[[ Dataset entries, beginning ]]
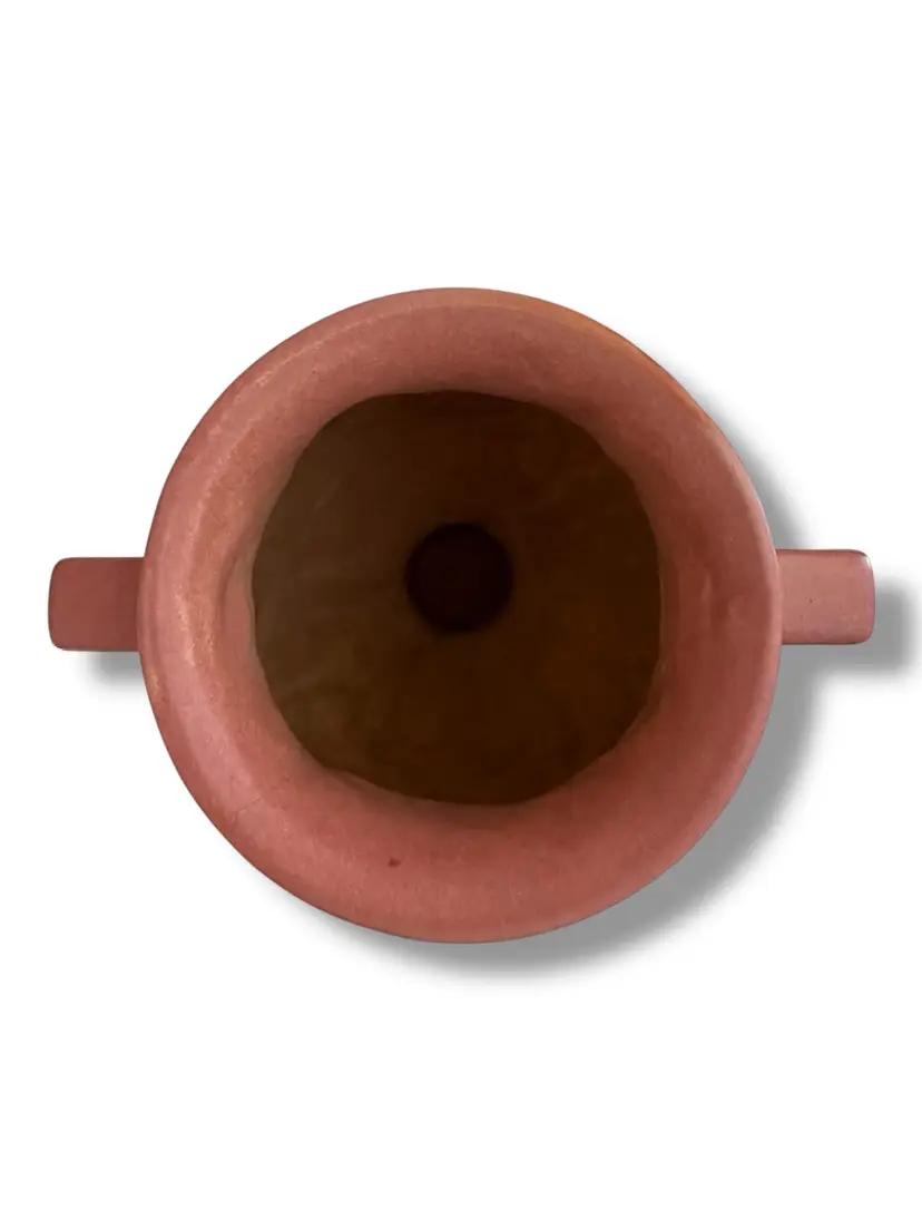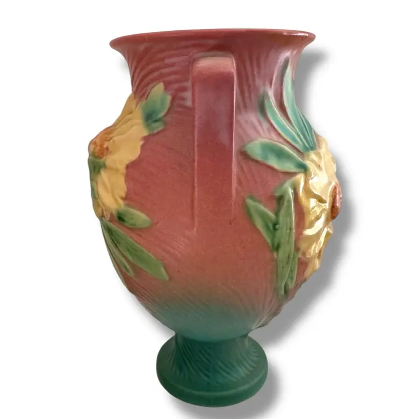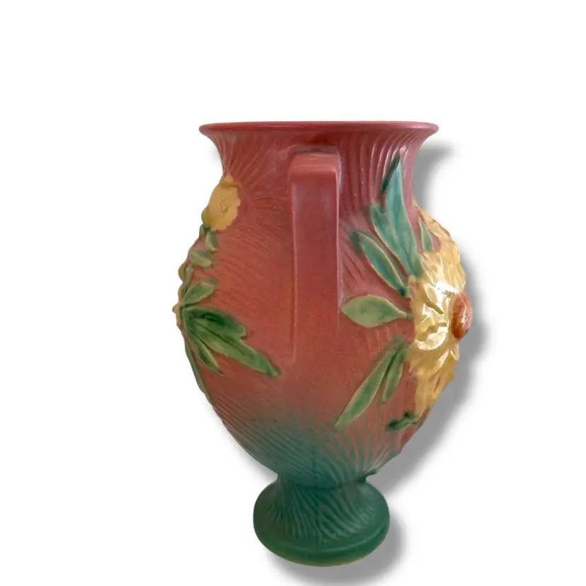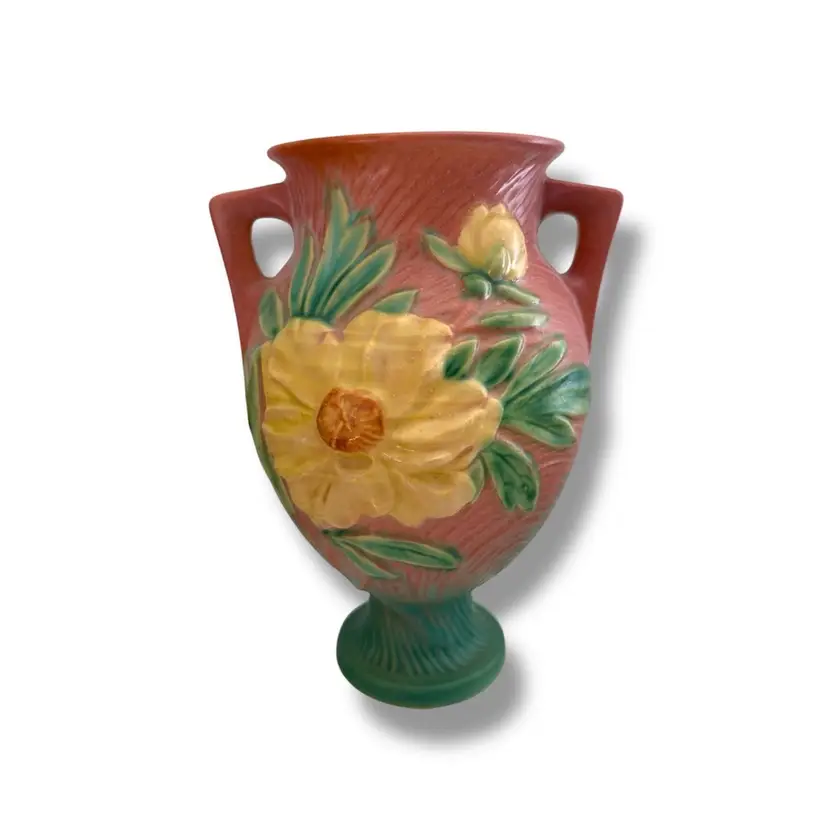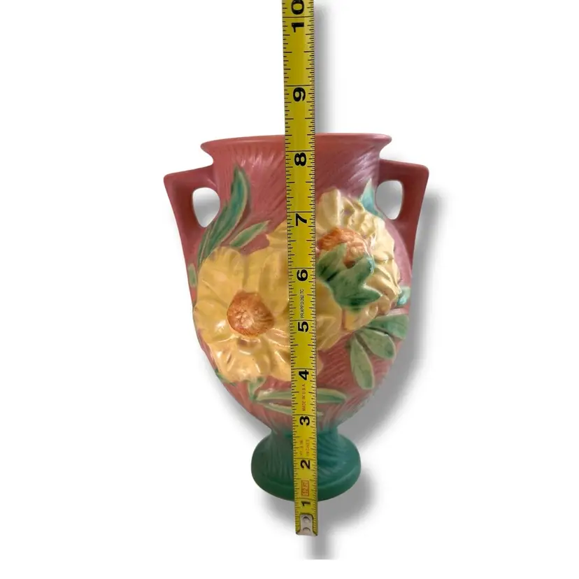 Roseville Peony Double Handle Vase #169 - 8" Pink Green Matte Glaze With Yellow Blossoms Vintage Art Pottery Zanesville Ohio 1930s.
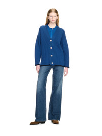 This ribbed knit cardigan is crafted from 100% merino wool and features crystal buttons and an arrow logo on the reverse. Made in Italy. MATERIALS 100% Virgin Wool FITTING Model Sarah Ferguson wears S Height: 5' 10.5'' (179 cm) Chest: 31'' (79 cm) Waist: 23” (60 cm) Hips: 35'' (89 cm)
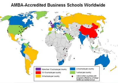AMBA a fost fondată în 1967[3] și până în prezent a acreditat programe de la 189 de școli de afaceri în peste 70 de țări.[4]
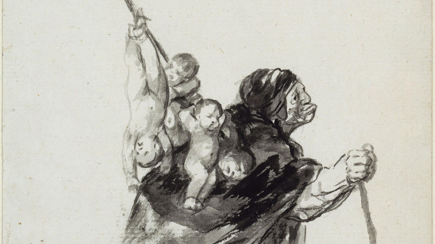 Feeds women noxious elixirs. They vomit up bones and organs - become heads attached to vestigial sacks of skin. Sprout feathers. Change into black birds. Spy on his enemies. Carry messages. Deliver curses. Inflict bad luck by screeching. Peck out eyes.
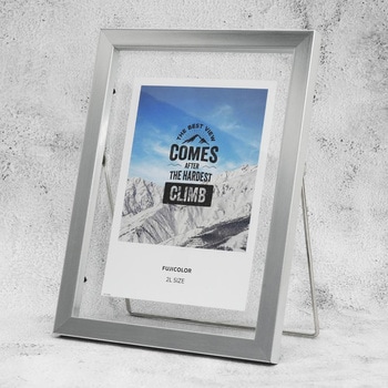 写真を2枚の透明なガラス板で挟んで展示する構造になっており、フレーム内に透明な空間があることによる独特の抜け感、浮遊感をお楽しみいただけます。フレームはメタル調シルバー・ブロンズの2色と、L判/2L判の2サイズ全4種展開 。
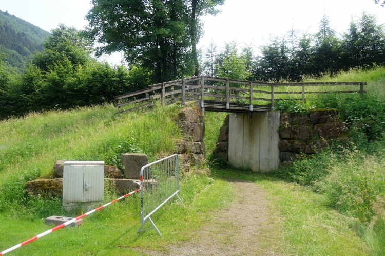 Wann kommt denn der Abzweig mit den zwei Streckenposten? Es geht einmal kurz hinaus aus dem Wald und rein in die Sonne. Den Unterschied merkt man sofort. Ich bin nur froh, dass wir heute zumeist im kühleren Wald laufen. Die Schwüle macht auch so genug zu schaffen.
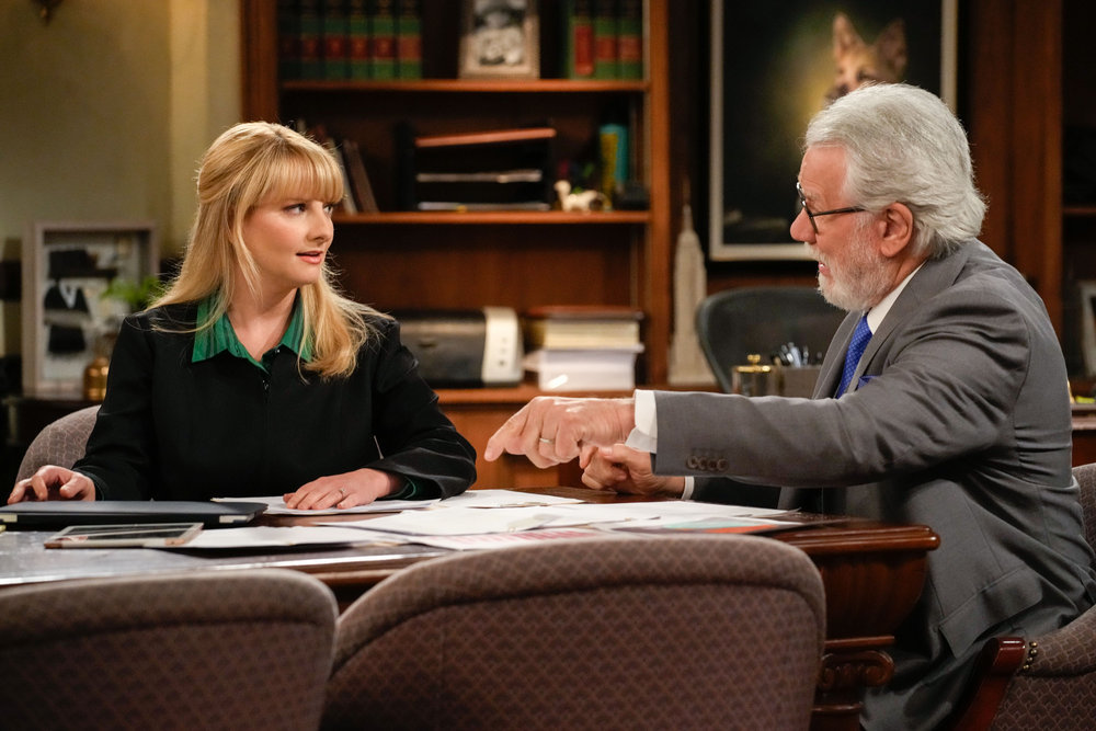 NIGHT COURT -- “DA Club” Episode 108 -- Pictured: (l-r) Melissa Rauch as Abby Stone, John Larroquette as Dan Fielding -- (Photo by: Casey Durkin/NBC)
[[ Dataset entries, end ]]
_Task statement_.
Return the data above in its exact wording, with none of the pictures.

_Your response_.
 Roseville Peony Double Handle Vase #169 - 8" Pink Green Matte Glaze With Yellow Blossoms Vintage Art Pottery Zanesville Ohio 1930s.
 This ribbed knit cardigan is crafted from 100% merino wool and features crystal buttons and an arrow logo on the reverse. Made in Italy. MATERIALS 100% Virgin Wool FITTING Model Sarah Ferguson wears S Height: 5' 10.5'' (179 cm) Chest: 31'' (79 cm) Waist: 23” (60 cm) Hips: 35'' (89 cm)
AMBA a fost fondată în 1967[3] și până în prezent a acreditat programe de la 189 de școli de afaceri în peste 70 de țări.[4]
 Feeds women noxious elixirs. They vomit up bones and organs - become heads attached to vestigial sacks of skin. Sprout feathers. Change into black birds. Spy on his enemies. Carry messages. Deliver curses. Inflict bad luck by screeching. Peck out eyes.
 写真を2枚の透明なガラス板で挟んで展示する構造になっており、フレーム内に透明な空間があることによる独特の抜け感、浮遊感をお楽しみいただけます。フレームはメタル調シルバー・ブロンズの2色と、L判/2L判の2サイズ全4種展開 。
 Wann kommt denn der Abzweig mit den zwei Streckenposten? Es geht einmal kurz hinaus aus dem Wald und rein in die Sonne. Den Unterschied merkt man sofort. Ich bin nur froh, dass wir heute zumeist im kühleren Wald laufen. Die Schwüle macht auch so genug zu schaffen.
 NIGHT COURT -- “DA Club” Episode 108 -- Pictured: (l-r) Melissa Rauch as Abby Stone, John Larroquette as Dan Fielding -- (Photo by: Casey Durkin/NBC)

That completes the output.